Redman Joseph S, Natarajan Yamini, Hou Jason K, Wang Jingqi, Hanif Muzammil, Feng Hua, Kramer Jennifer R, Desiderio Roxanne, Xu Hua, El-Serag Hashem B, Kanwal Fasiha
Baylor College of Medicine, Houston, TX, USA.
Clinical Epidemiology and Comparative Effectiveness Program, Center for Innovations in Quality, Effectiveness and Safety, Michael E. Debakey VA Medical Center, John P. McGovern Campus, 2450 Holcombe Blvd., Suite 01Y, Houston, TX, 77021, USA.

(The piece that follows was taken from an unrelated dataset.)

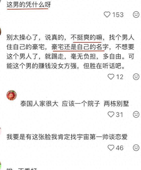 不过最让人震惊的还不是钻戒和婚礼,而是新郎的操作!他特意买下 Mai 名下 1600 平的土地,在上面盖了新房,房产证还只写了 Mai 的名字,自己就只有使用权而已~ 这下谁还不懂 Mai 为啥愿意嫁呀,颜值不够,诚意和实力来凑嘛!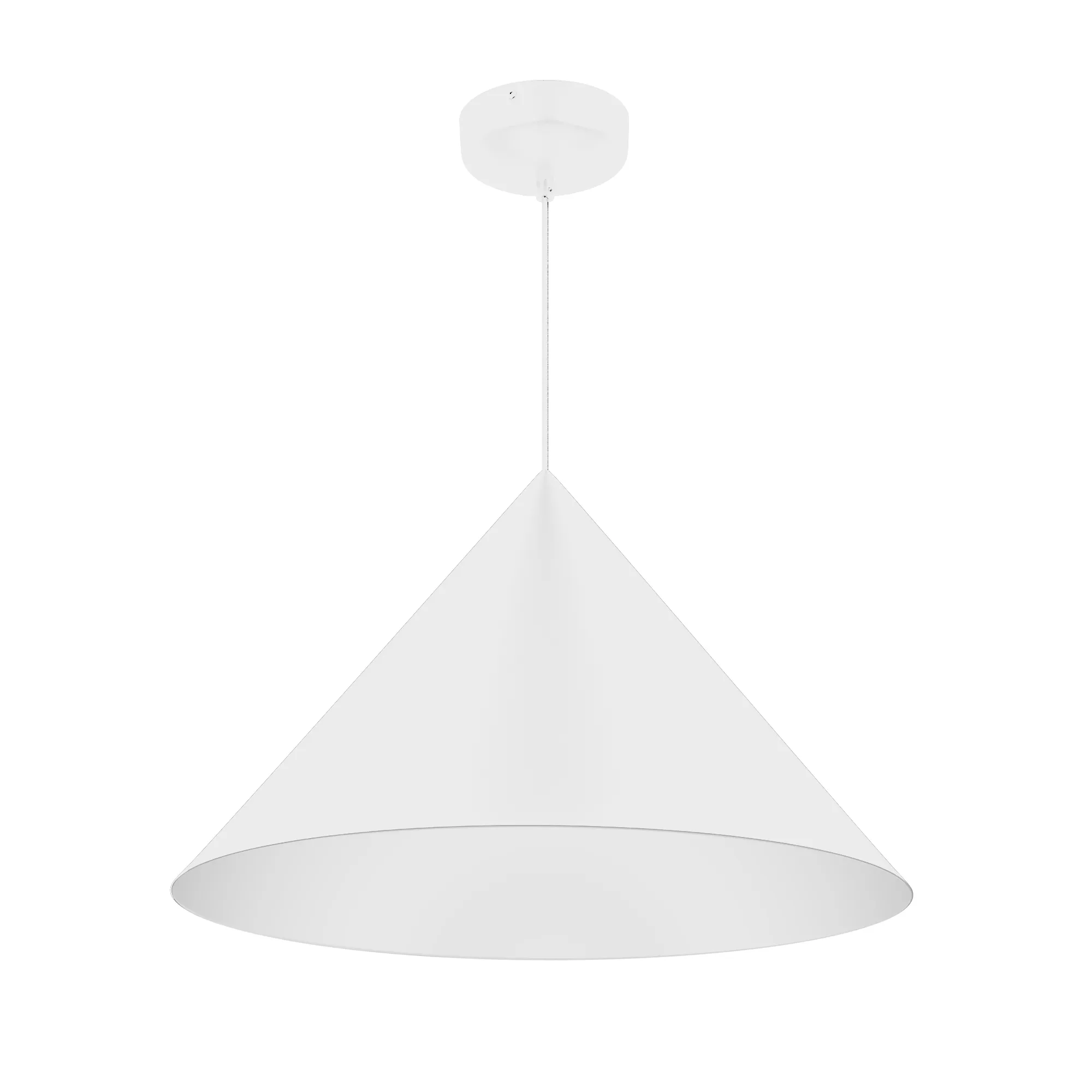 Подвесной светильник. Мощность 14 Вт, св. поток 1200 лм, 74 лм/Вт, тёплый 3000 K, CRI>92, угол 36°, напряжение питания 230 В. Белый корпус из алюминия в форме конуса с белой внутренней поверхностью, линза-рассеиватель из PMMA, степень защиты IP20. Размер: диаметр 550 мм, высота 340 мм. Монтаж подвесной, длина подвеса 2000 мм, регулируемая. В комплекте 2 вида чаш. Габариты встраиваемой чаши: Ø 80x23 мм. Габариты накладной чаши Ø140x55 мм. Драйвер 27-42 В, 350 мА, пульсация <1%. Управление по TRIAC.

Dig Dis Sci. 2017 Oct;62(10):2713-2718. doi: 10.1007/s10620-017-4721-9. Epub 2017 Aug 31.
Natural language processing is a powerful technique of machine learning capable of maximizing data extraction from complex electronic medical records.
We utilized this technique to develop algorithms capable of "reading" full-text radiology reports to accurately identify the presence of fatty liver disease. Abdominal ultrasound, computerized tomography, and magnetic resonance imaging reports were retrieved from the Veterans Affairs Corporate Data Warehouse from a random national sample of 652 patients. Radiographic fatty liver disease was determined by manual review by two physicians and verified with an expert radiologist. A split validation method was utilized for algorithm development.
For all three imaging modalities, the algorithms could identify fatty liver disease with >90% recall and precision, with F-measures >90%.
These algorithms could be used to rapidly screen patient records to establish a large cohort to facilitate epidemiological and clinical studies and examine the clinic course and outcomes of patients with radiographic hepatic steatosis.
自然语言处理是一种强大的机器学习技术,能够从复杂的电子病历中最大限度地提取数据。
我们利用这项技术开发算法,使其能够“读取”全文放射学报告,以准确识别脂肪肝疾病的存在。从退伍军人事务部企业数据仓库中检索了652名患者的随机全国样本的腹部超声、计算机断层扫描和磁共振成像报告。由两名医生通过人工审查确定影像学脂肪肝疾病,并由一名放射学专家进行核实。采用分割验证方法进行算法开发。
对于所有三种成像方式,算法识别脂肪肝疾病的召回率和精确率均大于90%,F值大于90%。
这些算法可用于快速筛查患者记录,以建立一个大型队列,便于进行流行病学和临床研究,并检查影像学肝脂肪变性患者的临床病程和结局。